監督より
おそらく学校で習うこともあるのでしょう、一般に平安時代と言えば『源氏物語』に代表される王朝文学を思い浮かべる方も多いのではないでしょうか。もちろん源氏物語が素晴らしい作品であることに異論はありませんが、庶民から徴収した税で安穏と生活しつつ、女性を口説く事ばかりに執心する上流貴族達の日々が、当時の代表的イメージであることに常々違和感も感じておりました。
そんな思いもあり、私の初作品『文使』では白拍子と牛飼童という「貴族でない男女」の恋を奇譚として描き、ありがたいことに多くの方に楽しんでいただけました。

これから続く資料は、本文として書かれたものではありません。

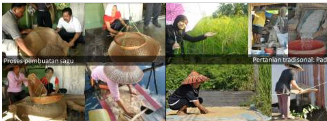
Rajah 5. Proses penghasilan sagu secara tradisional

Penanaman padi secara tradisional juga merupakan potensi agro-pelancongan di kawasan ini (Rajah 6). Sebanyak 8.01 peratus responden berpendapat para pelancong dapat melihat proses penanaman padi yang masih dijalankan secara tradisional di kawasan ini. Kebanyakan kawasan di Malaysia pada masa kini menjalankan penanaman padi secara moden dan komersil. Maka, secara tidak langsung, pelancong tidak kira dalam dan luar negara dapat menghayati nilai estetika yang masih wujud di Matu-Daro.
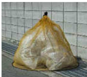
ごみネット（ドーム型）
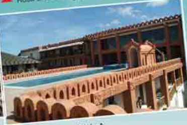
Royal Palace Hotel မှတ်တမ်း
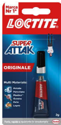
LOCTITE SUPER ATTACK 2GR
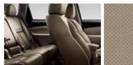
Бежевая кожа с перфорацией
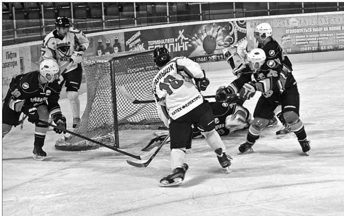
Матч між ХК «Кременчук» та київським «Дженералз» завершився впевненою перемогою клубу з Полтавщини — 5:1

■ Столичні клуби «Дженералз» та «Атек» зазнали поразок у чемпіонаті України з хокею
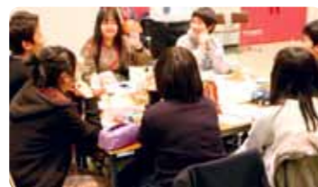
Atividades interativas de aprendizado
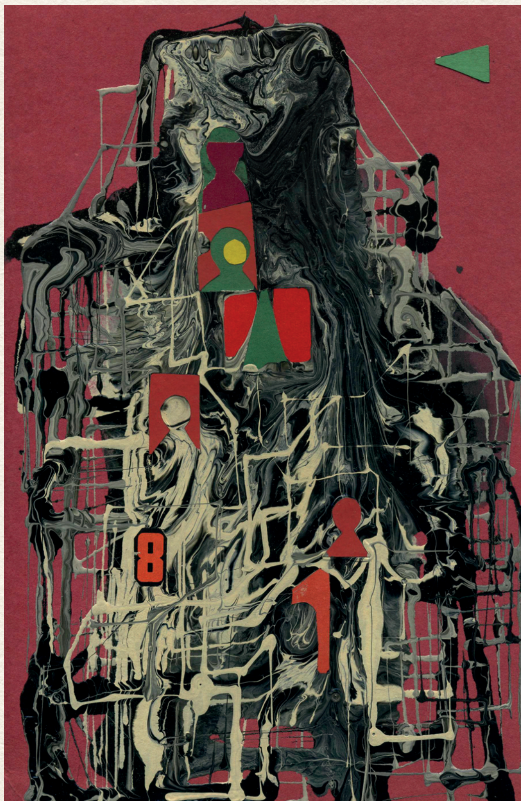
CÍM NÉLKÜL - karton, kollázs, vegyes technika, 240x160 mm

その後はもう一つの私の柱であるSF作品(『ねむれ思い子 空のしとね』)を形にしたのですが、その制作中もずっと「次はまた時代物を作りたいな」という思いが強く、今回初作品から二十年ぶりの平安短編『後朝の花雪』という形で結実いたしました。
古典文学の中でも庶民が多く登場する『今昔物語』の一編を脚色し、下級貴族の恋模様を怪談という形で描いた本作が、また平安時代の違った一面を皆様に感じていただける機会になれば本当に嬉しいです。